== How to complete this task ==
From the records below, copy each line in which the string "that" occurs.

== Data section ==

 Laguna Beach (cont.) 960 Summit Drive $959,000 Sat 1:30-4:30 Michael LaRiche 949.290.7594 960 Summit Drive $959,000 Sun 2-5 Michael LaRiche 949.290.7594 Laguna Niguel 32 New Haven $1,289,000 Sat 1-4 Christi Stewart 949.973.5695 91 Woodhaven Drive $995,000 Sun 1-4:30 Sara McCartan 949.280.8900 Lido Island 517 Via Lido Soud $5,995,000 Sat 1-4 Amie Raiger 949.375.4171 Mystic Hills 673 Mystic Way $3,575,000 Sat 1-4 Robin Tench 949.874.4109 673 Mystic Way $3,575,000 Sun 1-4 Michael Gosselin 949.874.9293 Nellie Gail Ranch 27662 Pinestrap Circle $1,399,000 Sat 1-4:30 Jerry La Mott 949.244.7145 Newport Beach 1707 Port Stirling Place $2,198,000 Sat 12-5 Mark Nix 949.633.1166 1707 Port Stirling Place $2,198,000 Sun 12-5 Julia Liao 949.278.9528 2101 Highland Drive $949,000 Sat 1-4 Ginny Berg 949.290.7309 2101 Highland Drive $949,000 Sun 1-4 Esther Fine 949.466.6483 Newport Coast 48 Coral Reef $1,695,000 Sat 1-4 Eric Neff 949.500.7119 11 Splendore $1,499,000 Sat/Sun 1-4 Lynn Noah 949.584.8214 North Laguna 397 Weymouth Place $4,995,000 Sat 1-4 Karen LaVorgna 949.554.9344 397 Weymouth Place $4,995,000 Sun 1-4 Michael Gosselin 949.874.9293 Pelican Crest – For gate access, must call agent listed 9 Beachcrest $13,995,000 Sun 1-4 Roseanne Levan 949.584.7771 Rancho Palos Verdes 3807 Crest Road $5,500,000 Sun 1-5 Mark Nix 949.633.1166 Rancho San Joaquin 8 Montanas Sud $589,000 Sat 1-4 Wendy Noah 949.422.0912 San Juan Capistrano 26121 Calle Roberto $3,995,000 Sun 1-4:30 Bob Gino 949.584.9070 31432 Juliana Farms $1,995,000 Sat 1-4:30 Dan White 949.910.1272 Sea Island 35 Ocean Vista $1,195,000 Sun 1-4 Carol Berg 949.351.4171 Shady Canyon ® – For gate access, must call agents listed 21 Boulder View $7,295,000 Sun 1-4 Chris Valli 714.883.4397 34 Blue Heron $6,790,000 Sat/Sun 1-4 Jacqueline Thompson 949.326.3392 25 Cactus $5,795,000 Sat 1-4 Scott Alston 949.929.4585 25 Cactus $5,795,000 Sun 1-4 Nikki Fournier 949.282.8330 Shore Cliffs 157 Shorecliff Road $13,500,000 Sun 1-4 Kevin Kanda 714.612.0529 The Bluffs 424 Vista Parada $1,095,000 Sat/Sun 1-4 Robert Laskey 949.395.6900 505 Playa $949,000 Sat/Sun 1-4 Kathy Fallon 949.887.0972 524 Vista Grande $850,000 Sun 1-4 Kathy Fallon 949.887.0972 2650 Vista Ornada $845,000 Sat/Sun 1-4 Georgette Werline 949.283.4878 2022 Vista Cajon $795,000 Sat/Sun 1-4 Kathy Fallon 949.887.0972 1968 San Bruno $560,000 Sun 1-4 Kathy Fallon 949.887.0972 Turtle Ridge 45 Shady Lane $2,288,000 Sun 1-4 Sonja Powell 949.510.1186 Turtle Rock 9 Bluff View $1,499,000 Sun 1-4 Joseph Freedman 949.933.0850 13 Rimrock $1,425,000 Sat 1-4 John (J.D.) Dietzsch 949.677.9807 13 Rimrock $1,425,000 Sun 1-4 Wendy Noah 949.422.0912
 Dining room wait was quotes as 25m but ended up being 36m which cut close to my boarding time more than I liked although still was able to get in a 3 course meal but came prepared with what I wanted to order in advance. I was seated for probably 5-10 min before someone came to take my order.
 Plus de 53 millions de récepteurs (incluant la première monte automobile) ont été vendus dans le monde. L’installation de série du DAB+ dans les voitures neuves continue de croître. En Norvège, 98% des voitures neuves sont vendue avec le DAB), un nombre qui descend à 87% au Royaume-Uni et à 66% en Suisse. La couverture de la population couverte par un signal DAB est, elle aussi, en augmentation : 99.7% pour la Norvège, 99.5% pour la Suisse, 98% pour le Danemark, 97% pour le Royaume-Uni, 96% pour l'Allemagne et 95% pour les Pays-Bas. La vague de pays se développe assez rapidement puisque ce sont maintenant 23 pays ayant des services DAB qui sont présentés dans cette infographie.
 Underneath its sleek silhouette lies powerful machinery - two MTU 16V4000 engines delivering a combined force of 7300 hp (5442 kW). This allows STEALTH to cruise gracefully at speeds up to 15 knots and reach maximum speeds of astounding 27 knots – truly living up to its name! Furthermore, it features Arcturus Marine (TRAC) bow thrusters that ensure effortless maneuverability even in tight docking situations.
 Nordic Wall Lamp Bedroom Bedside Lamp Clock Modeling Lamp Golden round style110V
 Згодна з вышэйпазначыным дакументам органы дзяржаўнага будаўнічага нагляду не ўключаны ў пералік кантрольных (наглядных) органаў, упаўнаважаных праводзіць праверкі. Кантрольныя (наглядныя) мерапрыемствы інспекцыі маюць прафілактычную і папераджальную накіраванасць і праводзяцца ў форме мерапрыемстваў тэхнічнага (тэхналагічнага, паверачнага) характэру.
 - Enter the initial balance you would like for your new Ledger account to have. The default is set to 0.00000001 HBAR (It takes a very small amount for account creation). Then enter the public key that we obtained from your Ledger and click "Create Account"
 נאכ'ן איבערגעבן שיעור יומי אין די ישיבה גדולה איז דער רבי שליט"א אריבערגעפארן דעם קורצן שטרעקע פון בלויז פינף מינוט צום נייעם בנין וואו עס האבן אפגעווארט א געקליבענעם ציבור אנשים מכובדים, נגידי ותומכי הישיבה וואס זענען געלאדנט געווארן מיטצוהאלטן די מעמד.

== Exercise response ==
 Underneath its sleek silhouette lies powerful machinery - two MTU 16V4000 engines delivering a combined force of 7300 hp (5442 kW). This allows STEALTH to cruise gracefully at speeds up to 15 knots and reach maximum speeds of astounding 27 knots – truly living up to its name! Furthermore, it features Arcturus Marine (TRAC) bow thrusters that ensure effortless maneuverability even in tight docking situations.
 - Enter the initial balance you would like for your new Ledger account to have. The default is set to 0.00000001 HBAR (It takes a very small amount for account creation). Then enter the public key that we obtained from your Ledger and click "Create Account"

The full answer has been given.